Studio album by Eloy
- Released: 14 May 1992
- Recorded: 1992
- Studios: Horus Sound, Hanover Michael Gerlach's home studio, Berlin
- Genres: Progressive rock, space rock
- Length: 53:28
- Label: ACI
- Producer: Frank Bornemann

Eloy chronology
| Rarities (1991) | Destination (1992) | Chronicles I (1993) |

Alternative cover
- 2024 LP reissue cover

Singles from Destination
- "Fire and Ice (radio edit) / Call of the Wild (radio edit) / Prisoner in Mind (radio edit)" Released: 1992;

Audio sample
- "Fire and Ice"file; help;

= Destination (Eloy album) =

Destination is the fourteenth studio album by the German rock band Eloy, released in 1992.

It is an abstract concept album conceived by Frank Bornemann, which deals with the concept of destiny and how much it determines the actions and the general course of people's lives.

Destination is the second album recorded by the Eloy duo line-up of Frank Bornemann and Michael Gerlach, established in 1988 with Ra.
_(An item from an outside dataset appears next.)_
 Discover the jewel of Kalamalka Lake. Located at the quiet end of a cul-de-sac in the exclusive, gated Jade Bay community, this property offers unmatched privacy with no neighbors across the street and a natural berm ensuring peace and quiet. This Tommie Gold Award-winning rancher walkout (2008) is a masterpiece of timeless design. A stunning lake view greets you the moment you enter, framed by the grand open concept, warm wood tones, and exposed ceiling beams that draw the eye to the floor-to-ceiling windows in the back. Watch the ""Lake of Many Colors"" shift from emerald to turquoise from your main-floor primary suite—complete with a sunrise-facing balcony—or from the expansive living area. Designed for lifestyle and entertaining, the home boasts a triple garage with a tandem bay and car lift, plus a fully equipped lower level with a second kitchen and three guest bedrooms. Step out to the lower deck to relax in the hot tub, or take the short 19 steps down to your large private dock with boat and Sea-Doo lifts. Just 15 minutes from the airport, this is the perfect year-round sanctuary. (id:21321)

It also marked the return of bassist Klaus-Peter Matziol, as a guest musician. Matziol was a full-time Eloy member from 1976 to 1984, before their four-year hiatus.

The album has a heavier sound than previous Eloy recordings, as Bornemann was influenced by the heavy metal bands he worked for as a record producer, in his own Horus Sound Studios.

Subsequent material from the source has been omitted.